Mr. K. ten Broek, werkzaam bij de AbvaKabo/FNV te Rotterdam, heeft namens betrokkene een verweerschrift ingediend.
Het onderzoek ter zitting heeft plaatsgevonden op 8 oktober 2008. Appellant, daartoe opgeroepen, heeft zich laten vertegenwoordigen door mr. C. van den Berg. Betrokkene is verschenen, bijgestaan door mr. Ten Broek.
II. OVERWEGINGEN
1. Bij zijn oordeelsvorming gaat de Raad uit van de volgende feiten en omstandigheden.
1.1. Betrokkene is na de beëindiging van zijn aanstelling voor bepaalde tijd als leraar per 1 augustus 2001 in aanmerking gebracht voor een uitkering ingevolge de Werkloosheidswet. Lopende deze uitkering heeft betrokkene zich op 27 augustus 2003 ziekgemeld, in verband waarmee betrokkene hem tot en met 23 augustus 2004 een uitkering ingevolge de Ziektewet (ZW) heeft verstrekt. Nadien is de werkloosheidsuitkering hervat.
1.2. Bij besluit van 27 juli 2005 heeft appellant betrokkene meegedeeld dat aan hem over de maand augustus 2004 teveel uitkering is betaald en dat dit zal worden teruggevorderd. Met een volgend besluit van 21 september 2005 is de over de maand augustus 2004 deels onverschuldigd betaalde uitkering ten bedrage van € 1.756,87 van betrokkene teruggevorderd.
1.3. Bij het besluit op bezwaar van 19 april 2006 (hierna: bestreden besluit) heeft appellant de bezwaren tegen de besluiten van 27 juli 2005 en 21 september 2005 ongegrond verklaard.
2. De rechtbank heeft in de aangevallen uitspraak, waarin appellant als verweerder en betrokkene als eiser is aangeduid, geconcludeerd dat het bestreden besluit een deugdelijke motivering ontbeert en daartoe als volgt overwogen:
“De rechtbank overweegt daartoe dat verweerder zijn besluit niet gebaseerd heeft op concrete cijfers.
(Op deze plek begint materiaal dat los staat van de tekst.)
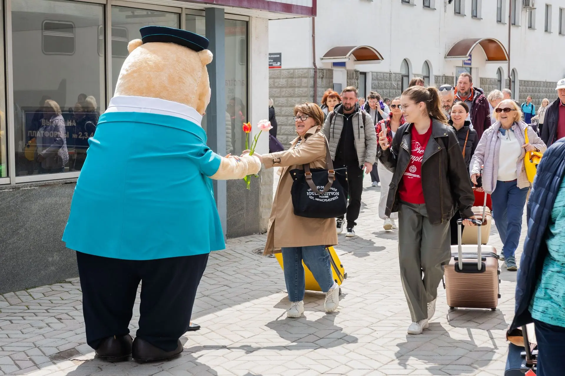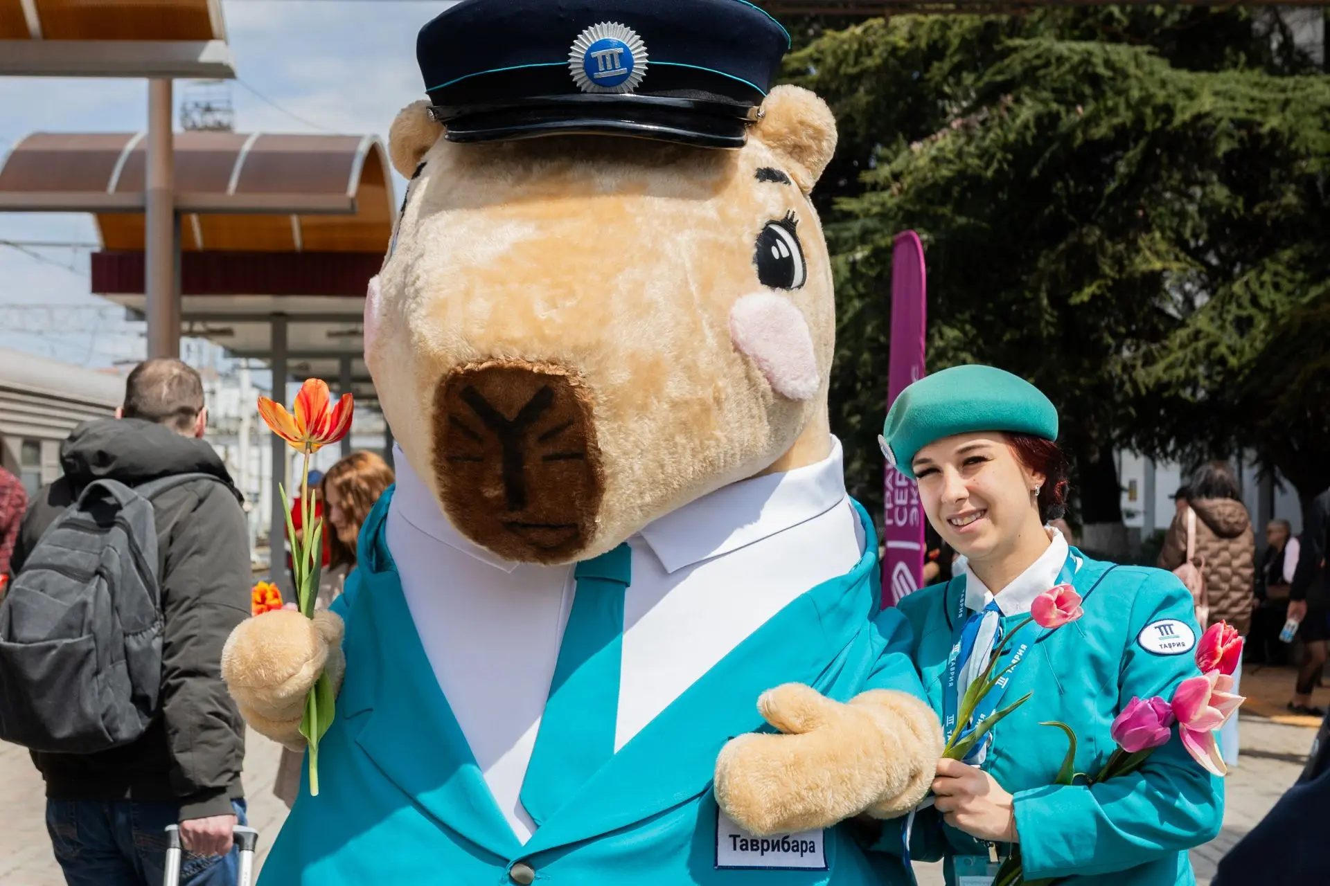 Пассажиркам поездов, прибывшим в Симферополь, подарили 300 тюльпанов
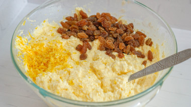 Затем вмешайте мягкий творог, сметану, муку и разрыхлитель. Лимон помойте и снимите с него цедру. Добавьте в тесто подготовленный изюм и цедру лимона. Все ингредиенты перемешайте друг с другом и доведите массу до однородности просто перемешивая все венчиком.
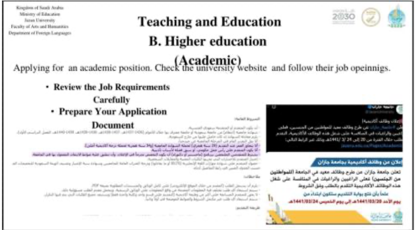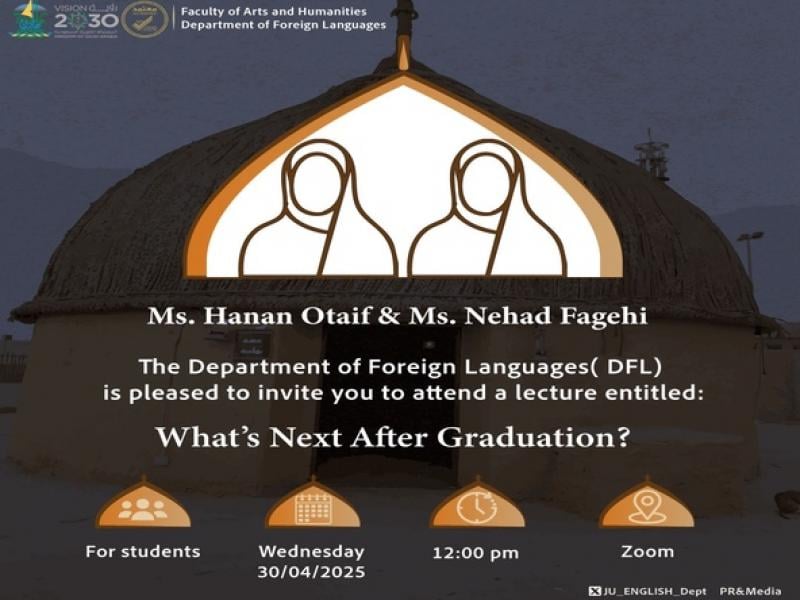 The Department of Foreign Languages (DFL) in collaboration with the PR & Media Committee, organized a workshop for students entitled “What’s Next after Graduation?” The workshop was conducted by Ms. Hanan Otaif and Ms. Nehad Fagehi on Wednesday, April 30, 2025 at 12:00 pm via the Zoom platform. The session aimed to guide graduating students on potential career paths, further education opportunities, and practical steps to take after completing their studies.
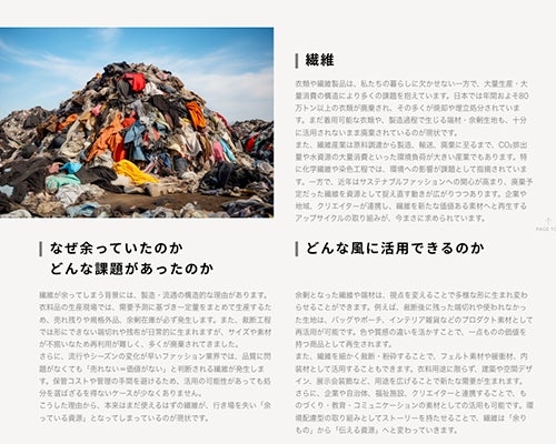 単なる製品紹介にとどまらず、素材の背景やストーリーまで含めて可視化することで、アップサイクルへの理解を深めることを目的としています。
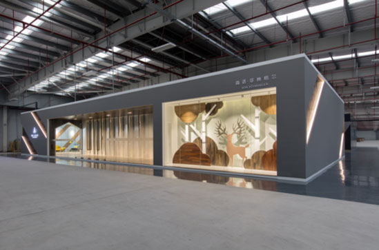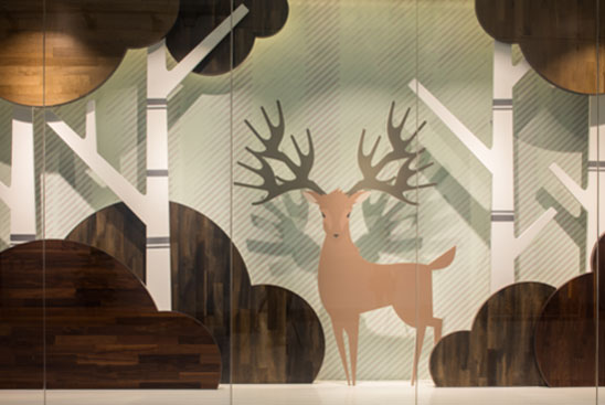 顧客首先會見到簡潔幾何風(fēng)格的外立面,感受北歐生活的整體氛圍;櫥窗所講述的森林中的故事強化了這種氛圍,并形成記憶點。入口走道的屏風(fēng)(屏風(fēng)裝修效果圖)用錯視覺手法展現(xiàn)林中樹木層疊的畫面,半透視效果引入人流,仿佛真的是一條通往森林深處的小徑。

Zo is niet duidelijk aangegeven op welk bedrag aan uitkering eiser per kalendermaand recht heeft en voorts heeft verweerder nagelaten duidelijk aan te geven of het ZW-uitkering of een WW-uitkering betreft. Voorts laat verweerder na een concrete berekening te presenteren op basis waarvan de conclusie getrokken kan worden dat eiser inderdaad over de maand augustus 2004 dubbele uitkering heeft ontvangen. Naar het oordeel van de rechtbank blijkt uit de motivering van verweerder onvoldoende dat in de uitkeringen van december 2004 en januari 2005 nogmaals de uitkering van augustus 2004 is verwerkt. Verweerder motiveert zijn besluit aldus dat de betalingen van september, december en januari samen € 7340,62 bedragen en dat het 5 maanden uitkering betreft. Het verschil is dan volgens verweerder ongeveer het bedrag dat eiser over augustus 2004 extra heeft gehad. De rechtbank acht een motivering in dergelijke vage termen volstrekt onvoldoende ter onderbouwing van verweerders standpunt. De specificatie bij de brief van 7 oktober 2005, waarnaar verweerder ter ondersteuning van zijn betoog verwijst, verschaft naar het oordeel van de rechtbank ook niet meer duidelijkheid. Deze specificatie geeft weliswaar een overzicht van het recht op en de uitbetaling van uitkering in de periode oktober 2001 tot en met september 2005, maar maakt evenmin inzichtelijk dat de uitkering van de maand augustus 2004 dubbel is uitbetaald.”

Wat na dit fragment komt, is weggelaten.